CNN2GNN: How to Bridge CNN with GNN
Ziheng Jiao, Hongyuan Zhang, Xuelong Li
TL;DR
The paper tackles the challenge of combining CNNs’ intra-sample feature extraction with GNNs’ ability to model topological relationships by introducing CNN2GNN, a framework that distills knowledge from a large CNN into a compact GNN. A differentiable sparse graph head is proposed to learn inductive graph structures for non-graph data, enabling efficient graph-based aggregation during training and inference. The method uses a heterogeneous distillation loss that blends cross-entropy with a temperature-scaled KL divergence to transfer the CNN’s deep intra-sample representations and the relational structure to the GNN. Empirical results on STL-10, CIFAR-100, and Mini-ImageNet show that the distilled GNN achieves superior accuracy and efficiency, sometimes surpassing the teacher and far outperforming CNN baselines with many layers.
Abstract
Although the convolutional neural network (CNN) has achieved excellent performance in vision tasks by extracting the intra-sample representation, it will take a higher training expense because of stacking numerous convolutional layers. Recently, as the bilinear models, graph neural networks (GNN) have succeeded in exploring the underlying topological relationship among the graph data with a few graph neural layers.
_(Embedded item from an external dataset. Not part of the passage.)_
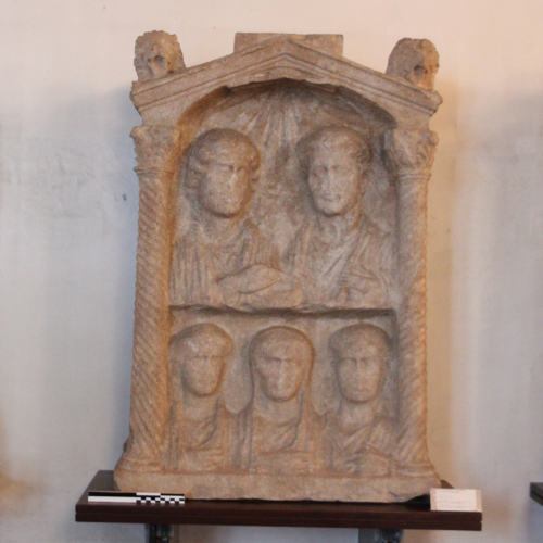 Nel registro inferiore si trovano tre individui, due donne a destra ed un uomo a sinistra, i cui tratti fisiogniomici corrispondono a quelli dell'ambito superiore, ad eccezione del ritratto centrale che si discosta dagli altri perché velato.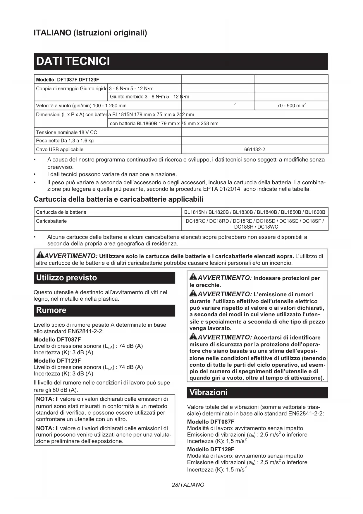 - Alcune cartucce delle batterie e alcuni caricabatterie elencati sopra potrebbero non essere disponibili a secondadellapropriaareageogracadiresidenza. AVVERTIMENTO: Utilizzare solo le cartucce delle batterie e i caricabatterie elencati sopra. L’utilizzo di altre cartucce delle batterie e di altri caricabatterie potrebbe causare lesioni personali e/o un incendio. Utilizzo previsto Questoutensileèdestinatoall’avvitamentodivitinel legno, nel metallo e nella plastica. Rumore Livello tipico di rumore pesato A determinato in base allo standard EN62841-2-2: Modello DFT087F Livello di pressione sonora (L

Unfortunately, it cannot be directly utilized on non-graph data due to the lack of graph structure and has high inference latency on large-scale scenarios. Inspired by these complementary strengths and weaknesses, \textit{we discuss a natural question, how to bridge these two heterogeneous networks?} In this paper, we propose a novel CNN2GNN framework to unify CNN and GNN together via distillation. Firstly, to break the limitations of GNN, a differentiable sparse graph learning module is designed as the head of networks to dynamically learn the graph for inductive learning. Then, a response-based distillation is introduced to transfer the knowledge from CNN to GNN and bridge these two heterogeneous networks. Notably, due to extracting the intra-sample representation of a single instance and the topological relationship among the datasets simultaneously, the performance of distilled ``boosted'' two-layer GNN on Mini-ImageNet is much higher than CNN containing dozens of layers such as ResNet152.